__EXERCISE DETAILS__:
Transcribe the listing below only from the line with "Бензиновый генератор СКАТ" up to and including the line with "After the corresponding".

__DATA EXTRACTS__:

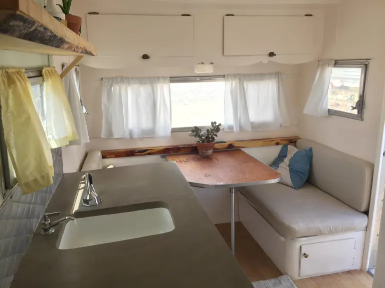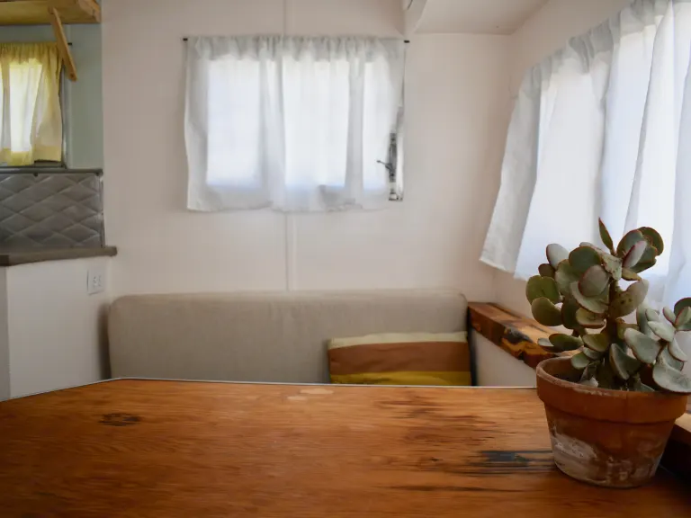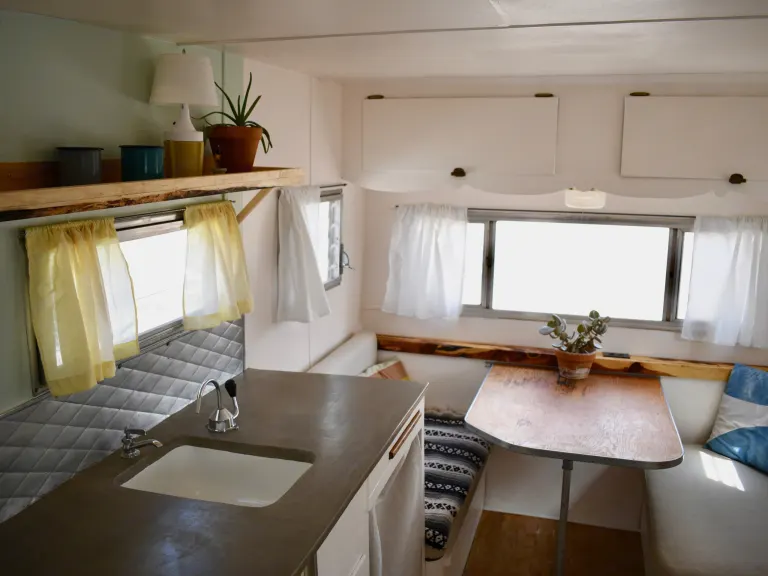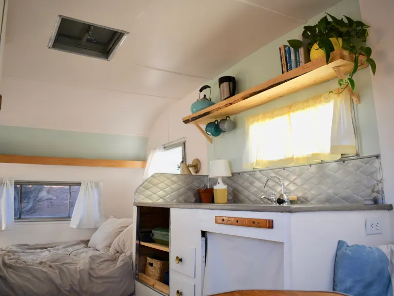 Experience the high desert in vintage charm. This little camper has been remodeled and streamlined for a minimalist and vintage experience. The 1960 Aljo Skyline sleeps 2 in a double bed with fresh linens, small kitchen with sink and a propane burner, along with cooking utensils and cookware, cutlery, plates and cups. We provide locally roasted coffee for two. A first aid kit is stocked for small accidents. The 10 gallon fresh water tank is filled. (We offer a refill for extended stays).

---

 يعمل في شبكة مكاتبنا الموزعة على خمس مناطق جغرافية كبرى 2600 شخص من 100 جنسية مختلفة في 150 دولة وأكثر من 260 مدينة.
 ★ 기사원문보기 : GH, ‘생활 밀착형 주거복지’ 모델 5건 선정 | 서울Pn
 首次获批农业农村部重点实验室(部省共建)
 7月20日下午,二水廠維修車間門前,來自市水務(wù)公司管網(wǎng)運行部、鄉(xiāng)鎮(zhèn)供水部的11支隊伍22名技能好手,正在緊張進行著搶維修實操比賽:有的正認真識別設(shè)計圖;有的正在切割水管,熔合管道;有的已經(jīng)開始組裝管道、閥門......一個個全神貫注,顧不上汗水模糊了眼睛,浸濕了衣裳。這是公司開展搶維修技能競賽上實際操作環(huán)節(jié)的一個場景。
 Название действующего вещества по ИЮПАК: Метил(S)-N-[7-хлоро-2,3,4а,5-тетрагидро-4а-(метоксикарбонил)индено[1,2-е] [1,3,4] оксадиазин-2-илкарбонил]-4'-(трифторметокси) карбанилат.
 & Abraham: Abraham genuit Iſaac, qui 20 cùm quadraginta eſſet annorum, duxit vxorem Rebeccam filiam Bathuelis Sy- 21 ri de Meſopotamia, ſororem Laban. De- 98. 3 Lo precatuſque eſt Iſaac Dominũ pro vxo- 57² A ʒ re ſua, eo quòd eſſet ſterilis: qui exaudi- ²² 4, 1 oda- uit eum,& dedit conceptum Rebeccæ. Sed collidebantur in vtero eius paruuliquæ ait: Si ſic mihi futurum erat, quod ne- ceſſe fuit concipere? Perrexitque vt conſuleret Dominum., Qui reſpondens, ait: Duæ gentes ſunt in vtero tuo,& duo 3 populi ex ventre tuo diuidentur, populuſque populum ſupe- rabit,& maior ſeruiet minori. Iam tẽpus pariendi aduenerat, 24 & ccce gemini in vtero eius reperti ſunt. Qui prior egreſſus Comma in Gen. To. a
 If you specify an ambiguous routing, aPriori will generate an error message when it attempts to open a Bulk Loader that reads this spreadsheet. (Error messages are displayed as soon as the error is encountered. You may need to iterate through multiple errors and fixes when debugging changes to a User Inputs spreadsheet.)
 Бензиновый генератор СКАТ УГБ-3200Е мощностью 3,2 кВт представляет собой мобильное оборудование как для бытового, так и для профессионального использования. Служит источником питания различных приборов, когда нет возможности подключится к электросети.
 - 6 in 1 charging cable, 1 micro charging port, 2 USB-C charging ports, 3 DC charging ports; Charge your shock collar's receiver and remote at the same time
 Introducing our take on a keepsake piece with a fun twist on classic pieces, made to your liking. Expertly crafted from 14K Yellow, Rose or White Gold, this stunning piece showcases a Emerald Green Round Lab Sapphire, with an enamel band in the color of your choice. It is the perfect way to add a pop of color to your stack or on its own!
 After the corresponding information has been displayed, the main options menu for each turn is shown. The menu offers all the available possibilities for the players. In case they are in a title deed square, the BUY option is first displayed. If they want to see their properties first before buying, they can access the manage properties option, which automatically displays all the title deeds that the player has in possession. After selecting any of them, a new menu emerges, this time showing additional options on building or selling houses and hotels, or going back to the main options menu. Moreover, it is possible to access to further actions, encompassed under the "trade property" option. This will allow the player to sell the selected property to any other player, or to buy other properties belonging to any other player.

__EXPECTED OUTPUT__:
 Бензиновый генератор СКАТ УГБ-3200Е мощностью 3,2 кВт представляет собой мобильное оборудование как для бытового, так и для профессионального использования. Служит источником питания различных приборов, когда нет возможности подключится к электросети.
 - 6 in 1 charging cable, 1 micro charging port, 2 USB-C charging ports, 3 DC charging ports; Charge your shock collar's receiver and remote at the same time
 Introducing our take on a keepsake piece with a fun twist on classic pieces, made to your liking. Expertly crafted from 14K Yellow, Rose or White Gold, this stunning piece showcases a Emerald Green Round Lab Sapphire, with an enamel band in the color of your choice. It is the perfect way to add a pop of color to your stack or on its own!
 After the corresponding information has been displayed, the main options menu for each turn is shown. The menu offers all the available possibilities for the players. In case they are in a title deed square, the BUY option is first displayed. If they want to see their properties first before buying, they can access the manage properties option, which automatically displays all the title deeds that the player has in possession. After selecting any of them, a new menu emerges, this time showing additional options on building or selling houses and hotels, or going back to the main options menu. Moreover, it is possible to access to further actions, encompassed under the "trade property" option. This will allow the player to sell the selected property to any other player, or to buy other properties belonging to any other player.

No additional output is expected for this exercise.